=== About this task ===
From the first line of the listing below to the line containing "Canon describe a", write out everything exactly. No pictures.

=== Data provided ===
# # #

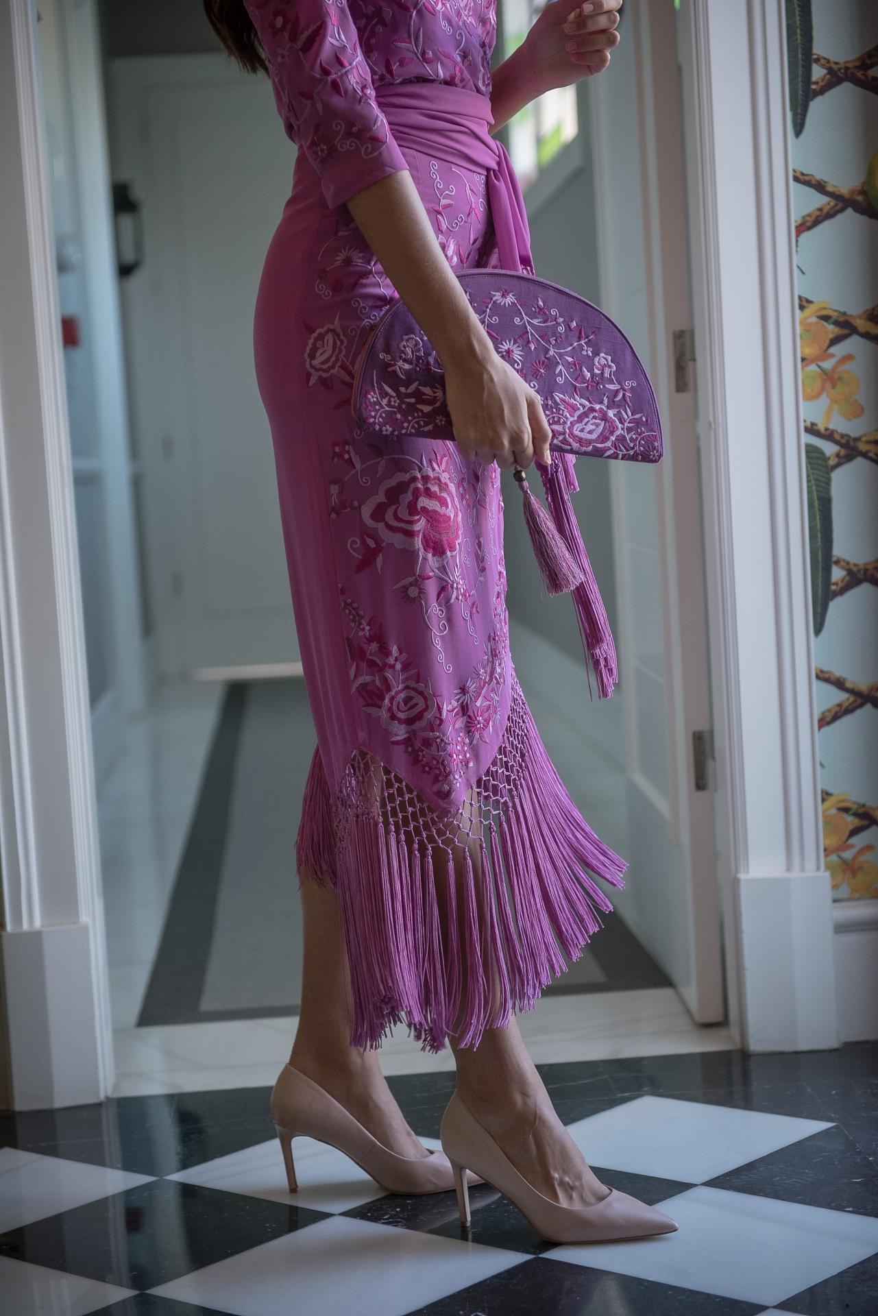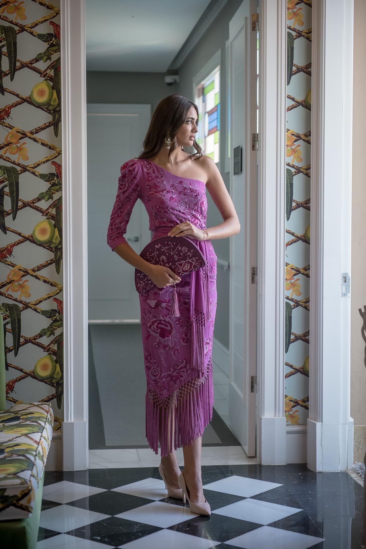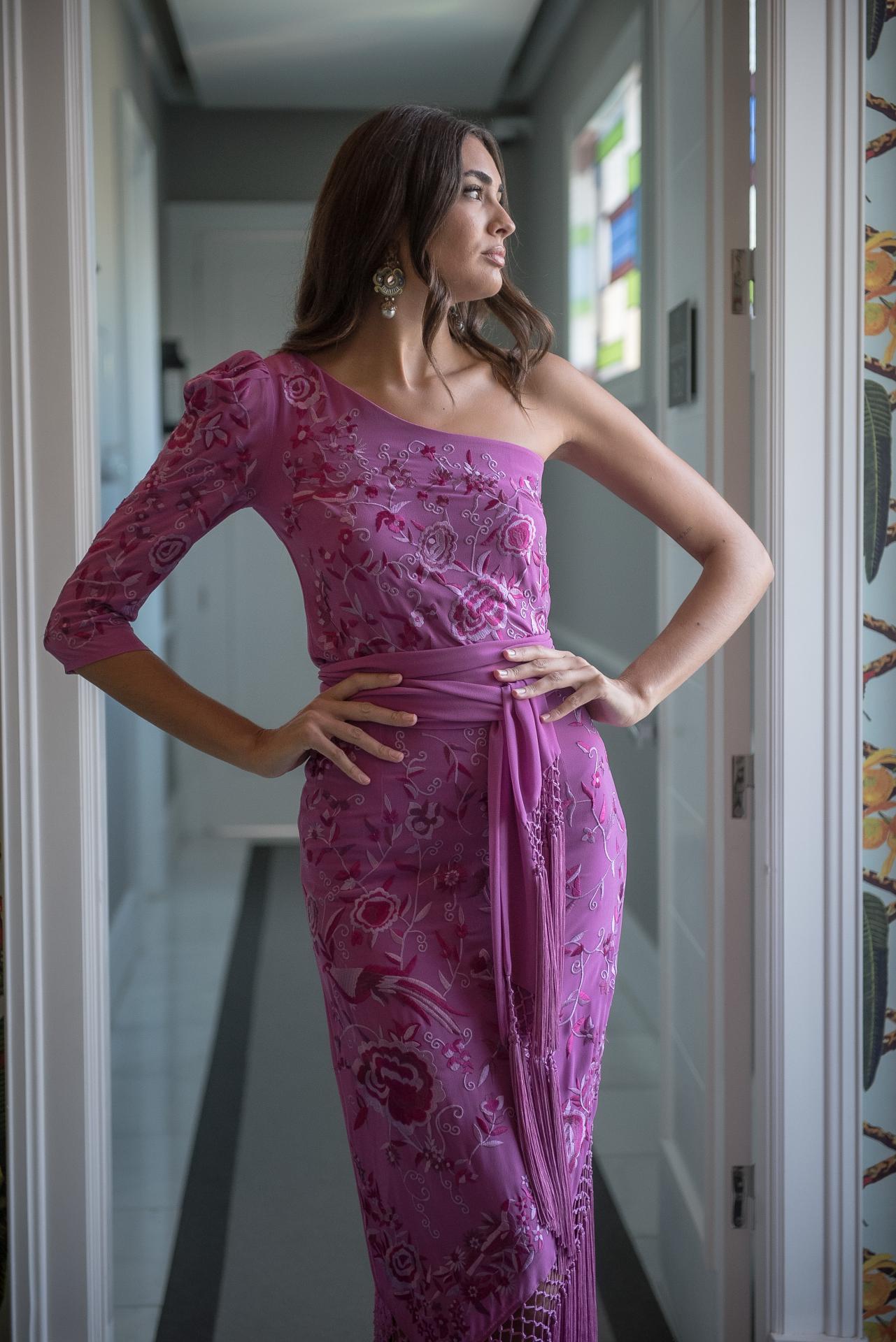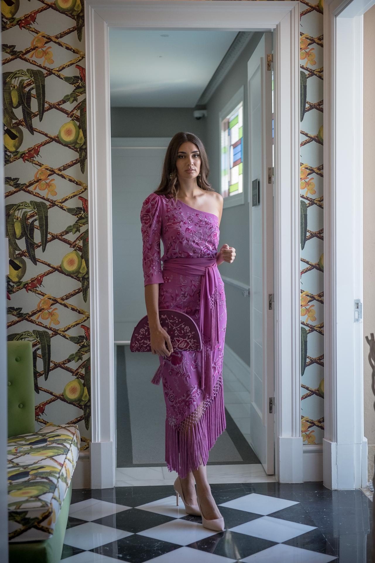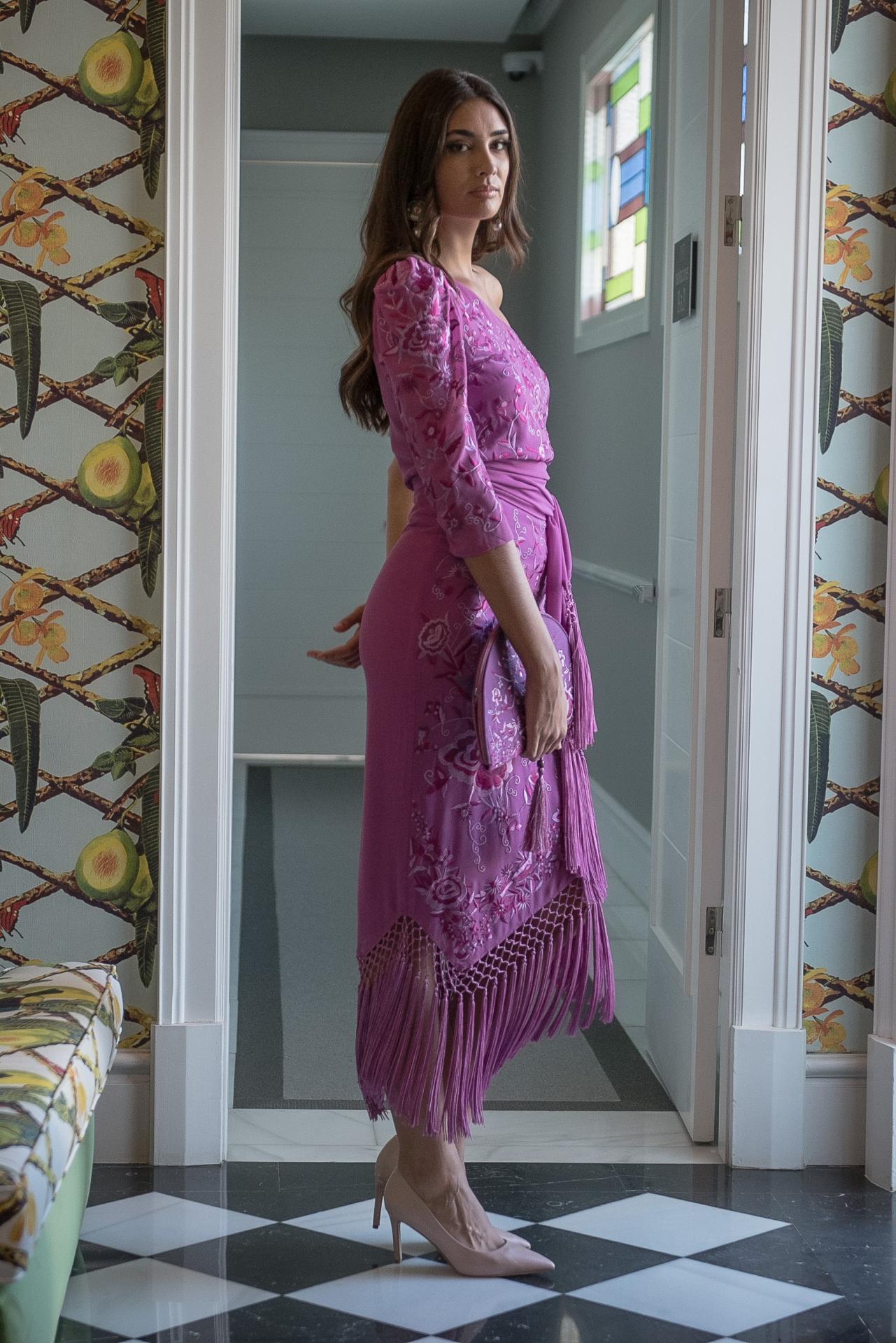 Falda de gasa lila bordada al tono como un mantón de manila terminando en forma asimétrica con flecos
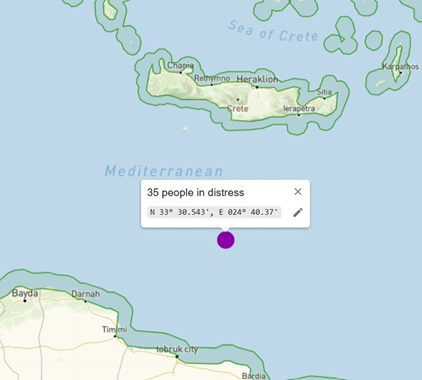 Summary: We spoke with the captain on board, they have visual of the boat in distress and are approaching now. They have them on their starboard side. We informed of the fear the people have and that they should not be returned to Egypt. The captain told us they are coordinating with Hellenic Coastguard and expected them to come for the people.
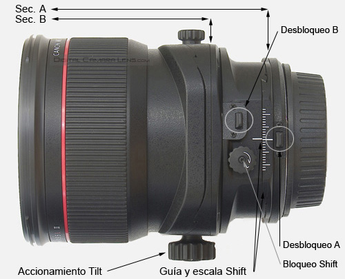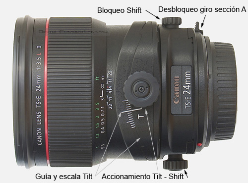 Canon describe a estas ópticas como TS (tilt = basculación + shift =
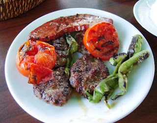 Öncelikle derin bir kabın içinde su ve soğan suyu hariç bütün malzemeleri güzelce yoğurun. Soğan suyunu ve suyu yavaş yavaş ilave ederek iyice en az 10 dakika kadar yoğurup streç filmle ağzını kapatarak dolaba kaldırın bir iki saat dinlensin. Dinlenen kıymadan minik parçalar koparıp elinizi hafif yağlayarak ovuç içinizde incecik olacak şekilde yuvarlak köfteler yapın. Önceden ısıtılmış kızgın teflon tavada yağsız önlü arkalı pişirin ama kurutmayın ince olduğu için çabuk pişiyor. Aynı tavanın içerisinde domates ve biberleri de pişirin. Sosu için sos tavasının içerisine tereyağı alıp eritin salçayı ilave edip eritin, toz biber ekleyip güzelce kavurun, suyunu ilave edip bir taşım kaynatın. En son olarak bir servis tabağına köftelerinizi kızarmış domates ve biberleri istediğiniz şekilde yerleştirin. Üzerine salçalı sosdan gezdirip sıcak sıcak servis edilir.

# # #

=== Output of the task ===
 Falda de gasa lila bordada al tono como un mantón de manila terminando en forma asimétrica con flecos
 Summary: We spoke with the captain on board, they have visual of the boat in distress and are approaching now. They have them on their starboard side. We informed of the fear the people have and that they should not be returned to Egypt. The captain told us they are coordinating with Hellenic Coastguard and expected them to come for the people.
 Canon describe a estas ópticas como TS (tilt = basculación + shift =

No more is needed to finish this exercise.